Pat Hecker makes makes beautiful art works (check out her tatoodreams blog), many of which reside in my sister's home. Among my favorites are the Kleenex cover in her bathroom. Which got me to thinking - what was life like before paper tissues ruled? When I went unprepared to a touching memorial service for a friend this week, another friend gave me four tissues. One generation ago, it would have been a hankie.
My mom always had each purse stocked with a hankie, a pen, a comb, and a pillbox. She simply moved her wallet and lipstick so that she was always prepared. Me, I have to transfer the wallet, the cell phone, three pairs of glasses (sun, distance, reading), three checkbooks (2 personal, one business), 2 sets of business cards, the cellphone extra battery since I am forever forgetting to charge it, the flashdrive, a pen, and the mini Kleenex pack, which is always open and getting cruddy from the bottom-of-the-purse litter. Comb? Lost it two decades ago.

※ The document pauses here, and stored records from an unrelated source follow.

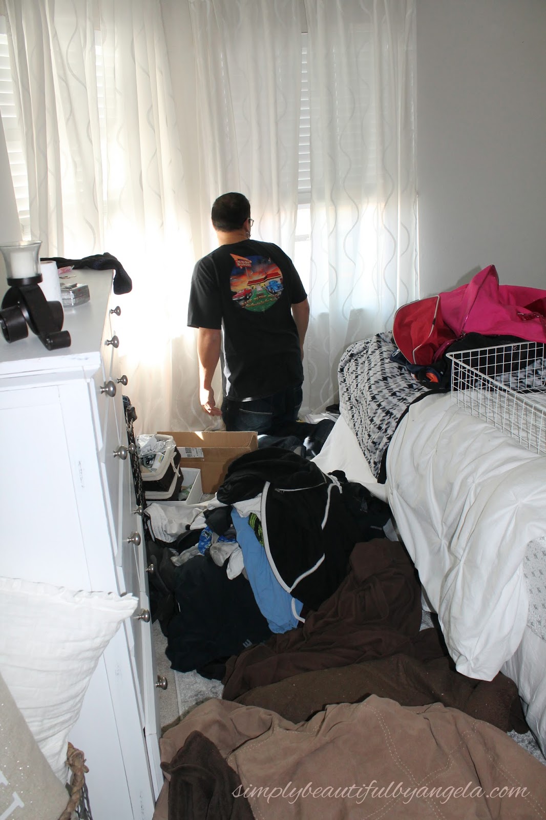 Speaking of messes–we finally tackled the mountain of clutter that we had taken out from under the bed when we replaced the frame.
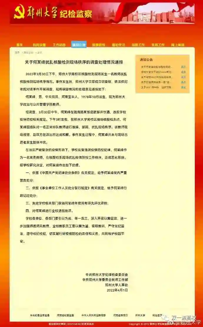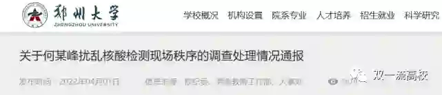 在当前严峻复杂的疫情形势下,学校反复强调疫情防控纪律,何某峰作为一名党员教师,在核酸检测现场扰乱疫情防控工作秩序,造成恶劣影响。经学校研究决定,对何某峰作出如下处理。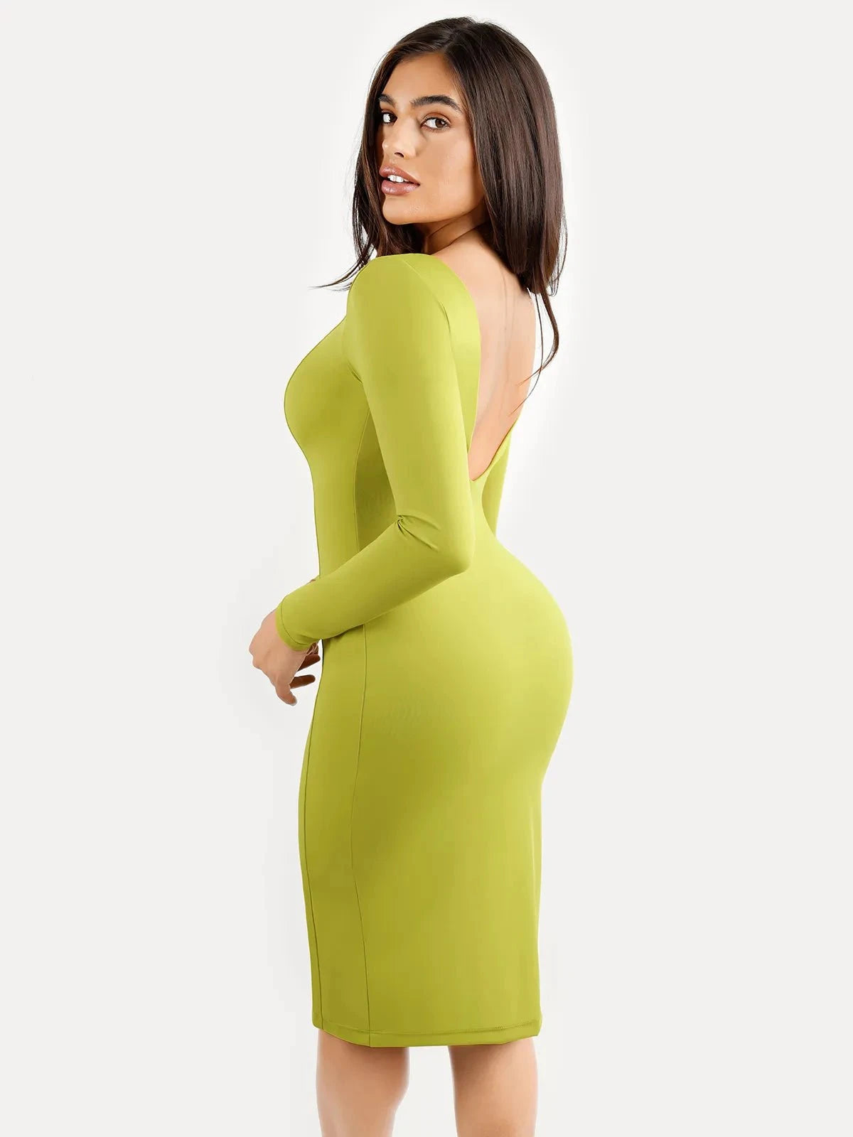 Popilush® Formal Bodycon Party Winter Dress Built-In Shapewear Long Sleeve Crew Neck Backless Midi Dress

At my mom's memorial service, I tried my best to get through my prepared remarks without bawling, but the tears came near the end anyway. So my dad hauls out his trusty (huge) red bandanna to wipe my tears away, turning my tears to laughter. The big guy's hankie.

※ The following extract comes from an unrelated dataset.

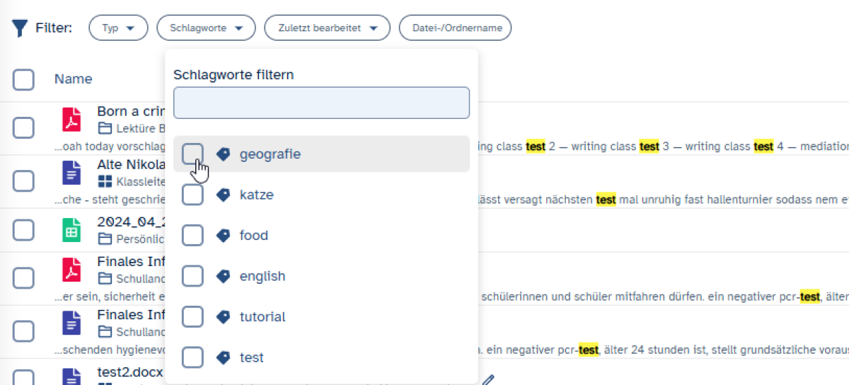 Schlagworte können unter anderem verwendet werden, um Dateien bestimmten Themen zuzuordnen oder gezielt danach zu suchen. Sie finden diese in der Dateiübersicht in Persönlich oder in einem Ihrer gewählten Spaces angezeigt.

If I was as green as I like to think I am, I would wash and iron the hankies and go stock my purse. I would pile up the bandannas for home use (instead of reserving them for napkins that look oh-so-cute with the blue speckle ware on the picnic table). I would look at my body's extra fluids as washable, not disposable. I would stop thinking of hankies as delicate reminders of a more gentle age, and think of them as the hardworking but lace covered necessities.
But then I would not need handrafted tissue box covers. Art always suffers.